FoundationDB

Supported OS Linux Mac OS Windows

Integration version2.0.0

Overview

This check monitors FoundationDB through the Datadog Agent. Aside from checking that the FoundationDB cluster is healthy, it also collects numerous metrics and, optionally, FoundationDB transaction logs.

Setup

Both the check and metrics apply to the FoundationDB cluster as a whole, and should only be installed on one host. The host doesn’t need to be one that is running FoundationDB, but just one with access to it.

Installation

The FoundationDB check is included in the Datadog Agent package, but requires the FoundationDB client to be installed.

Configuration

Host

To configure this check for an Agent running on a host:

Metric collection
  1. To start collecting your FoundationDB metrics, edit the foundationdb.d/conf.yaml file in the conf.d/ folder at the root of your Agent’s configuration directory. See the sample foundationdb.d/conf.yaml for all available configuration options.

  2. The cluster to check is determined by searching for a cluster file in the default location. If the cluster file is located elsewhere, set the cluster_file property. Only one cluster can be monitored per check instance.

  3. If the cluster is configured to use TLS, further properties should be set in the configuration. These properties follow the names of the TLS related options given to fdbcli to connect to such a cluster.

  4. Restart the Agent.

Log collection

FoundationDB writes XML logs by default, however, Datadog integrations expect JSON logs. Thus, a configuration change needs to be made to FoundationDB.

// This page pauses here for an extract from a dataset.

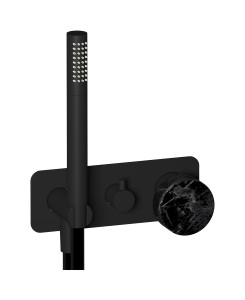 Внешние части встроенного в стену смесителя на 2 потребителя в комплекте с душевым гарнитуром. WE ARE IB mr313np_2 Matt Black Marmo
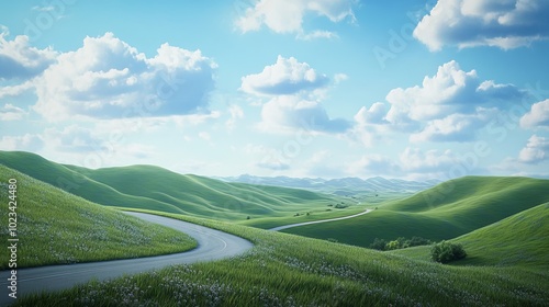 Fototapeta premium Winding Path Through Green Hills Under a Bright Blue Sky, Scenic Nature Landscape with Rolling Hills and Clouds, Peaceful Countryside, Generated AI

  1. Locate your foundationdb.conf file. Under the fdbserver section, add or change the key trace_format to have the value json. Also, make note of the logdir.

    [fdbserver]
    ...
    logdir = /var/log/foundationdb
    trace_format = json
    
  2. Restart the FoundationDB server so the changes take effect. Verify that logs in the logdir are written in JSON.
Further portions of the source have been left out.